Однако очевидно, что «Финнеганов помин» – не многоязычный текст, то есть он, конечно, таков, но с точки зрения английского языка. Это текст многоязычный, каковым мог его помыслить себе англоязычный человек. И все же представляется, что выбор Джойса, переводившего самого себя, заключался в том, чтобы помыслить текст назначения (французский и итальянский) как многоязычный, каким мог бы помыслить его себе италоязычный или франкоязычный читатель.
Таким образом, если, как отмечал уже Гумбольдт, переводить – значит не только подводить читателя к пониманию языка и культуры оригинала, но и обогащать свой собственный язык и культуру, тогда несомненно, что всякий перевод «Финнеганова помина», научающий свой родной язык выразить то, чего прежде он выразить не мог (как сам Джойс сделал с английским), заставляет его сделать некий шаг вперед. Возможно, этот шаг окажется чрезмерно широким, и язык такого эксперимента не вынесет, но кое-что при этом будет все же достигнуто.

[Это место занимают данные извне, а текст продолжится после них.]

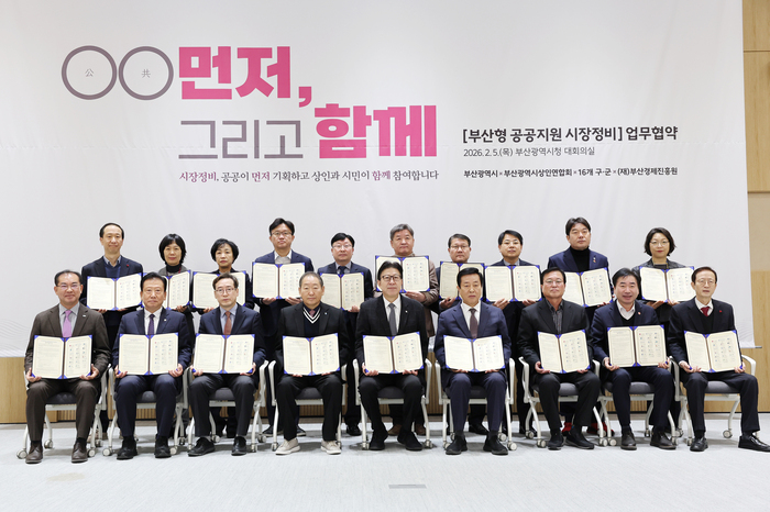 부산시는 5일 시청 1층 대회의실에서 박형준 시장이 참석한 가운데 '공공지원 전통시장 정비 통합기획 추진 업무협약식'을 가졌다.부산시가 노후화와 소비 환경 변화로 침체된 전통시장을 지역경제의 거점 공간으로 재편하기 위해 공공이 직접 기획에 나서는 새로운 시장정비 정책을 본격 추진한다.

Перед Джойсом стояла такая задача: передать язык, столь легко поддающийся puns, неологизмам и скрещиванию различных слов, как английский, на таком языке, как итальянский, сопротивляющийся созданию неологизмов путем словосложения. Встретившись с такими немецкими словами, как Kulturkampf («культуркампф») или Frauprofessor («госпожа профессор»), итальянский язык сдается. То же самое относится и к английскому splash-down («приводниться»). Прибегают к поэтичнейшему глаголу аттаrаrе (букв. «примориться»), описывающему мягкую посадку гидросамолета, а не резкое столкновение космического корабля с водной поверхностью. С другой стороны, у каждого языка – свой гений: для высадки на Луну английский неуместно пользуется глаголом to land («приземлиться»), тогда как итальянский изобрел глагол «прилуниться» (allunare).
Пусть так. Но если бы речь шла о переводе некоего текста, где во взволнованном тоне повествуется о landing («прилунении») космического корабля, то английский глагол land был бы односложным, а итальянский «прилуняется» (alluna) – трехсложным. Это породило бы проблемы ритма.
Рассмотрим сейчас один пример того, как Джойс, которому необходимо передать ритм, свойственный английскому, переформулирует текст, чтобы приспособить его к другому языку: сначала французскому, затем – итальянскому.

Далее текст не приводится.